Finding Tight bound for Binomial Coefficient inequality

Question

I am trying to find the smallest $0< \delta < 1/2$ so that the following bound holds:

$$\sum_{k=0}^{\delta n} {n \choose k}\left(\sum_{i=k}^{n}{n \choose i}\right)\leq \frac{2^{2n}}{4n} $$

Plotting this, it seems like $\delta \leq (\frac{1}{2}- \frac{c}{\sqrt{n}})$ is plenty when $c \geq 2$ (I think the actual value of $c$ probably resembles the constant in Sterling's formula). I'm having trouble actually proving this however.
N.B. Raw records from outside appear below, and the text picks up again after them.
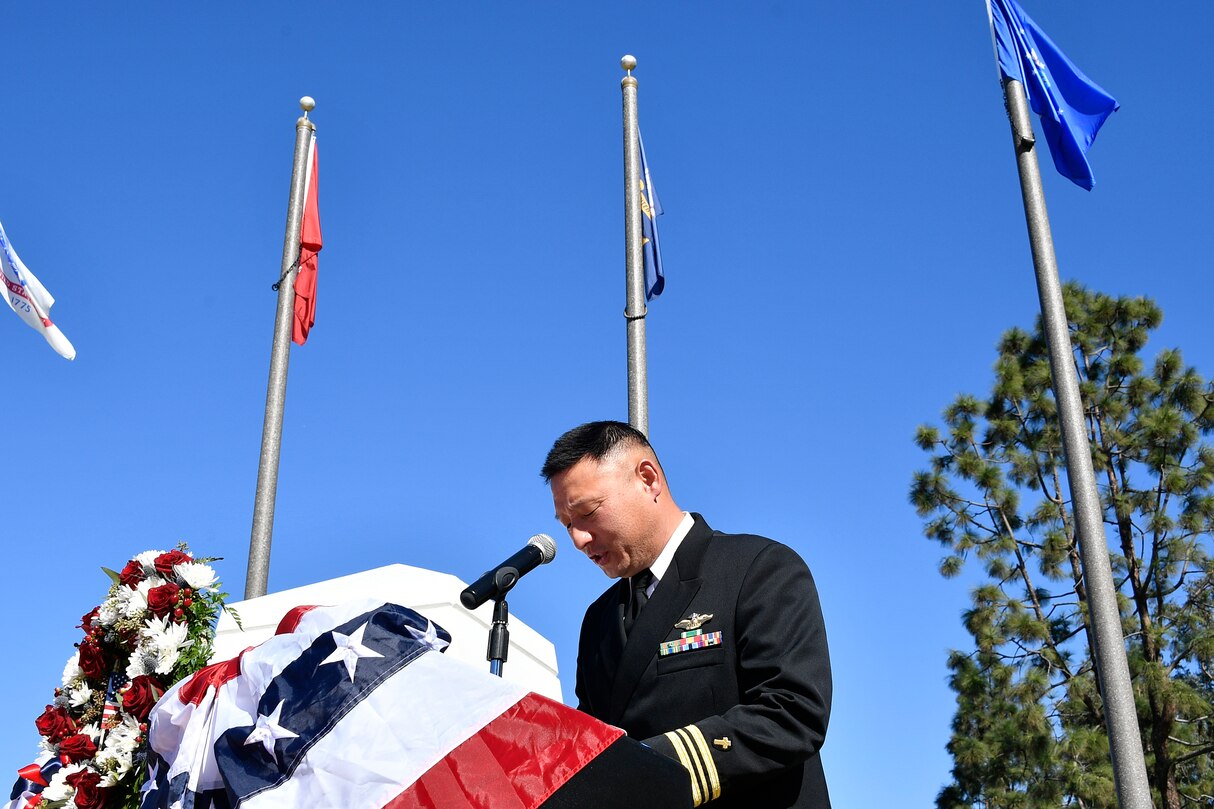 VENTURA COUNTY, Calif. (Nov. 11, 2021) Lt. Cmdr. Yoon Choi, chaplan, Naval Base Ventura County (NBVC), conducts invocation during a Veterans Day Ceremony at Ventura County Veterans Memorial Nov. 11, 2021. NBVC is home to Point Mugu, Port Hueneme, San Nicolas Island, Laguna Peak, the Pacific Coast Seabees, the Westcoast Hawkeyes, 3 warfare centers, and 80 tenants. It is the largest employer in Ventura County and actively protects California’s largest coastal wetlands through its award-winning environmental programs. (U.S. Navy photo by Ensign Drew Verbis)
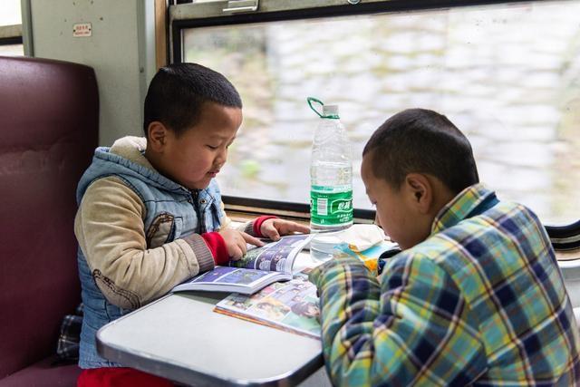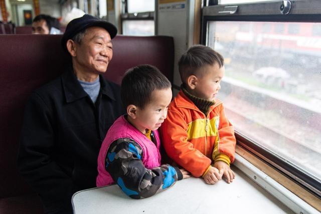 ↑4月11日,在7266次列车上,爷爷带着两个孙子望向窗外。
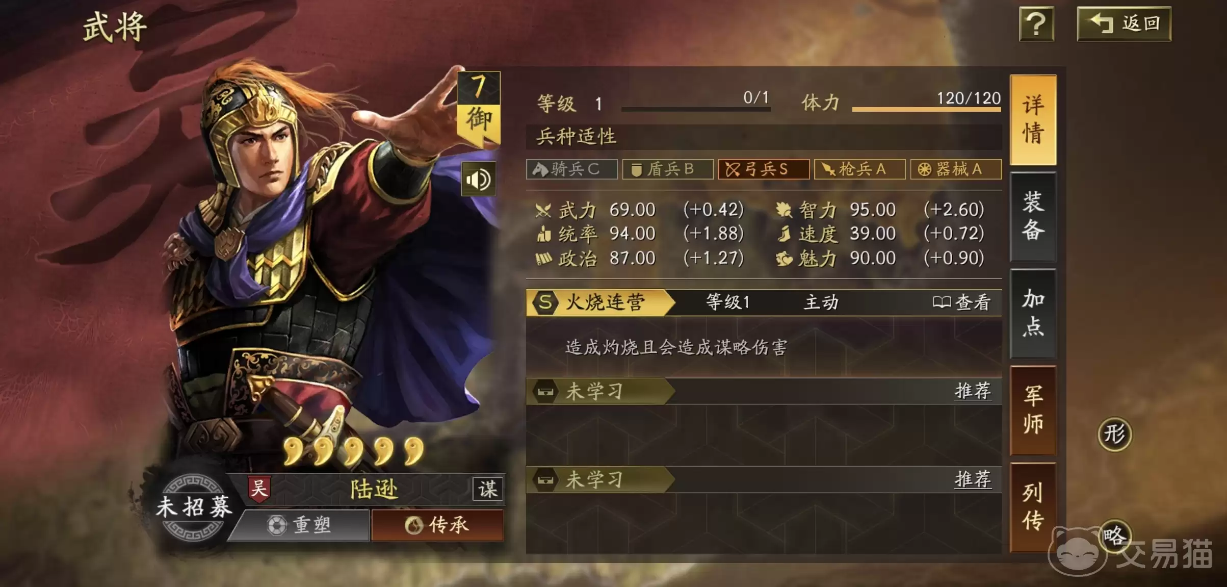 定位清晰,是构建阵容的第一步。陆逊属于S级弓兵,其核心价值完全体现在【火烧连营】上:这个战法不仅能造成可观的持续谋略伤害,还能为全体提供谋略加成,并概率施加震慑。一句话概括,就是输出、增益、控场三位一体。这种机制,注定了他天生就是队伍里的主C。在养成路线上,其实没有太多悬念——全程智力加点,最大化他的伤害能力和战法发动几率。至于战法搭配,太平道法与士别三日堪称黄金组合,一个提升爆发稳定性,一个增加生存容错,让陆逊在场上既能打又能站。

I tried upper bounding using the Entropy based bound for sums of binomial coefficients:

$$\frac{2^{h(\delta)\cdot n}}{n} \leq \sum_{k=0}^{\delta n}{n \choose k} \leq 2^{h(\delta)\cdot n}$$

(where $h(\cdot)$ is the binary entropy function) which holds for $\delta<\frac{1}{2}$, But this bound doesn't seem to be tight enough. Considering out-of-the-box bounds for binary entropy, this approach only gives $\delta \leq (\frac{1}{2}- \frac{c}{\sqrt{n}})$ for $c= \omega(1)$. Ideally, I would like to show that this holds for $c=O(1)$ suffices. Any help would be greatly appreciated.

Answer 1

An equivalent way of stating things: Let $X$ and $Y$ be two independent variables, each having distribution $Bi(n,\frac{1}{2})$. You want $$P(X \leq \delta n \textrm{ and } X \leq Y) \leq \frac{1}{4n}.$$ The equivalence here comes from dividing both binomial sums by $2^n$ to view them as probabilities.

In a way, the second inequality $X \leq Y$ is redundant "up to a constant factor". For any $\delta < \frac{1}{2}$ we have $$P(X \leq \delta n) > P(X \leq \delta n \textrm{ and } X \leq Y) > P(X \leq \delta n \textrm{ and } \delta n \leq Y ) > \frac{1}{2} P(X \leq \delta n)$$

So we're really just looking at asymptotics of a single binomial variable. In particular, taking $\delta=\frac{1}{2} - \frac{c}{\sqrt{n}}$ is not sufficient, since by the Central Limit Theorem $X$ will be at least $c \sqrt n$ away from $\frac{n}{2}$ with probability bounded away from $0$.